Let’s say we’re living till 75 years old. Going by priorities; relatives. Feel alright, maybe a little sad? Grandparents, aunties and uncles… Sadder? Next, parents. How much will you be crying? I’m crying and being sad for my grandmother’s death. As you age, it maybe your siblings. OMG. Then, maybe it’s your turn? Wife? You know what I’ll chose? I’ll leave last then.

Look, in your life there’s so many heart wrenching things you’ll be going through. I guess most of us have this thought when we were young; I want to hurry grow up! However for now, I do not appreciate it at all. People who once loved you, left. You’re lack of another voice of concern. How uneasy can that be? Death is a “Jie Tuo”.

Naturally, don’t be stupid and think of committing suicide so early. Setbacks are just part and parcel of life. Enjoy what you can that is provided here. Just think; nice buffet and delicious food, beautiful scenery which have yet to see!

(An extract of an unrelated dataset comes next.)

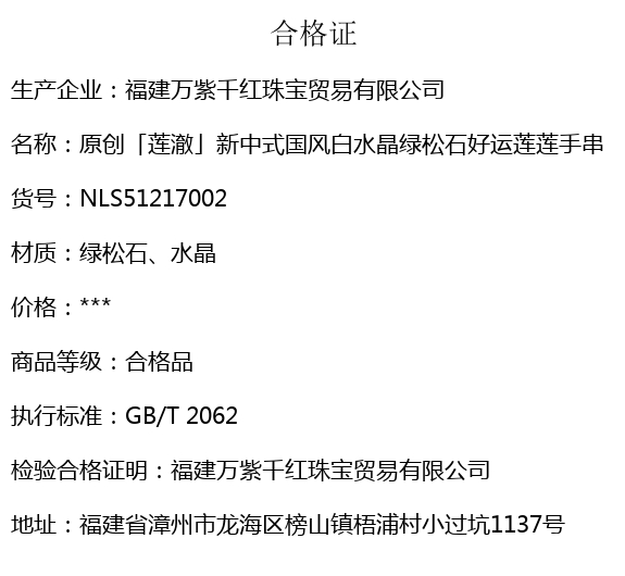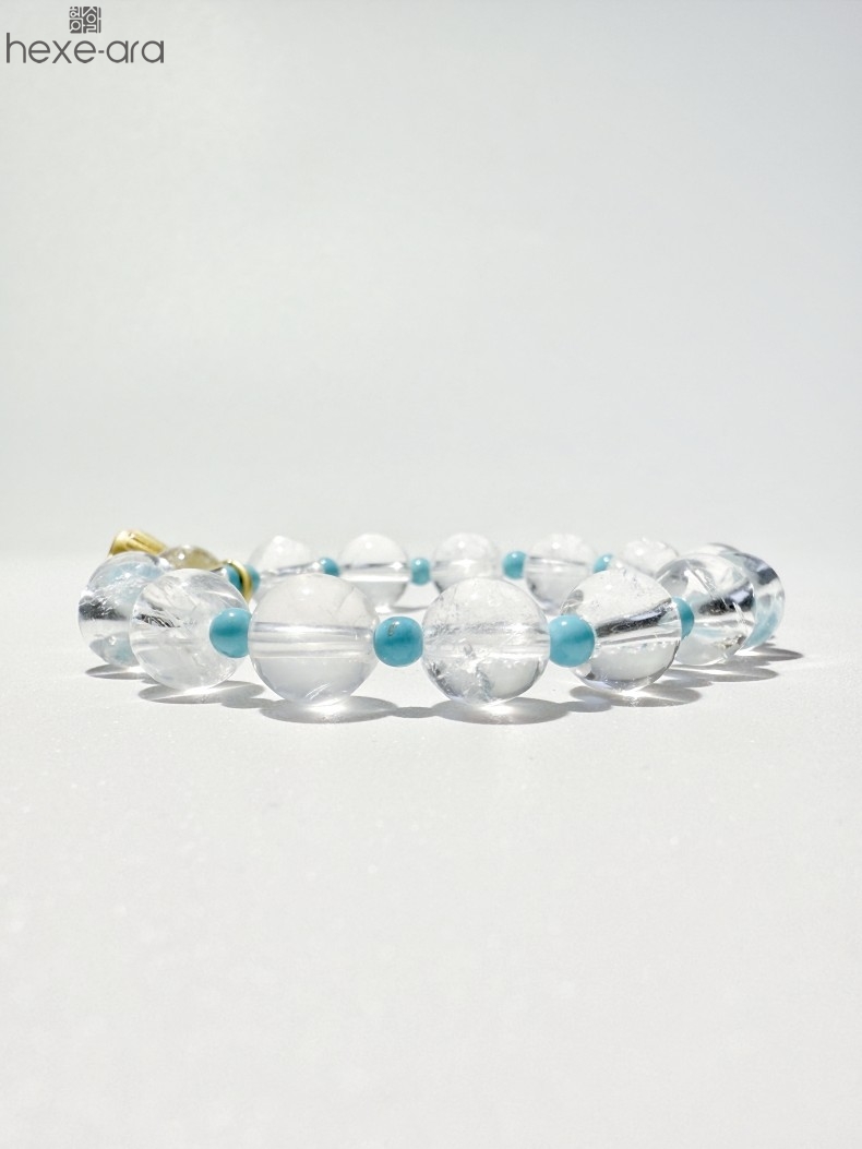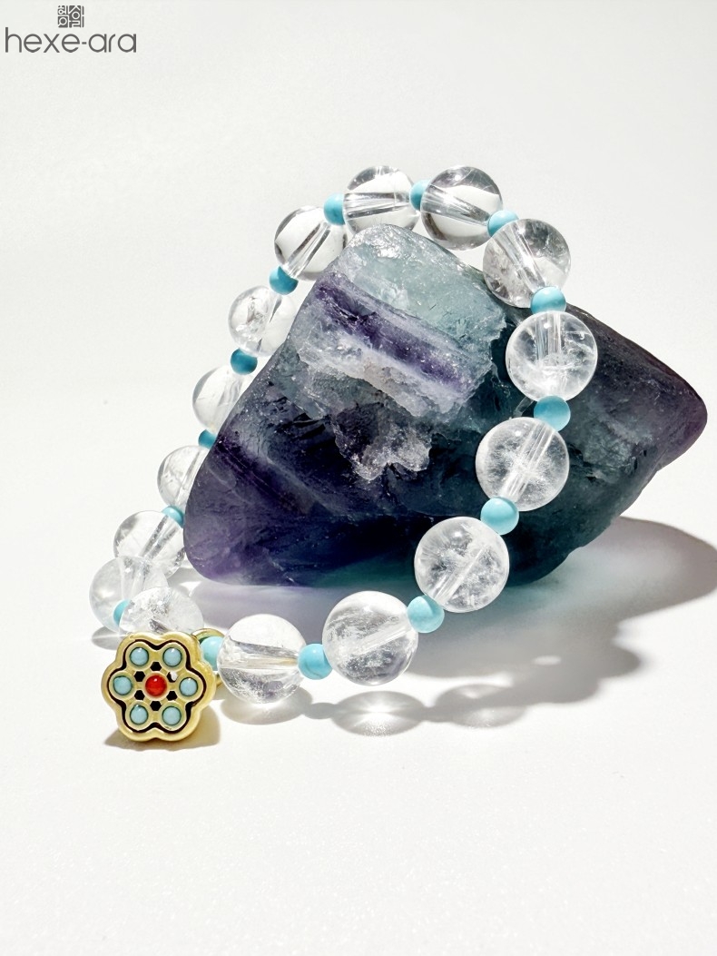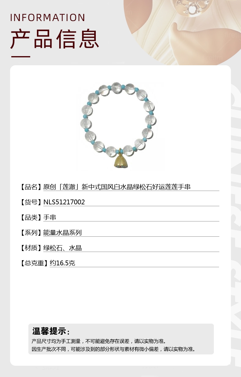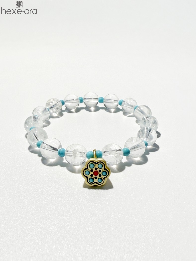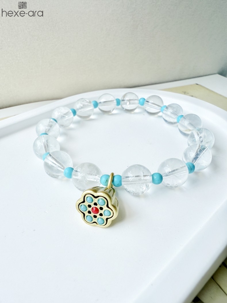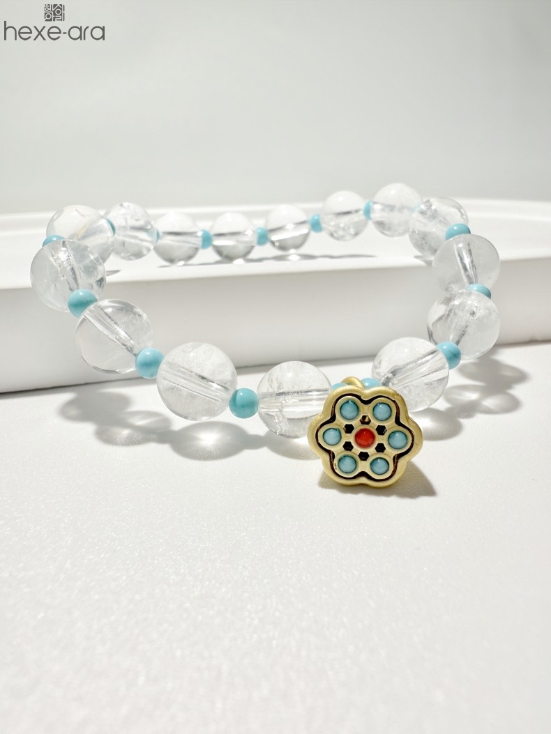 【品名】hexe-ara原创「莲澈」新中式国风白水晶绿松石好运莲莲手串

After school, back at home I was chatting with my mother. Halfway through, she said, “that time your grandmother thought that Diana is coming to eat you know, and she specially open the dinning table in the living room, she was anxious.” “I told her next time. But, she really doesn’t have the fate to do so.”

These 2 sentences irk me. I felt my heart being pierced. Sucks! I badly want her back. But, can I? I just hope god would just give us a warning before she left. At least, we could do all the very last things.

Moral of the story, treasure the people around you.

Many things in our life, is not as important compared to family. It should be the first. For those who are Christians, religion first. However, what’s the credibility of every single thing produced out of religion? I am neutral and not biased. I believe every religion has their truth. People just misunderstand it and carry on passing it down. Career-minded ones, how much money can you earn? Bookworms, how much books can you ever finish?

What is our aim by doing all these and neglecting our family members? It’s only once in a life time. God gives you, treasure it. Not him. He’ll be there as long as you have him in the heart. Misused and misunderstand.

Thus, I would want to say; I love my family and every single one of them. I love you too, dearest.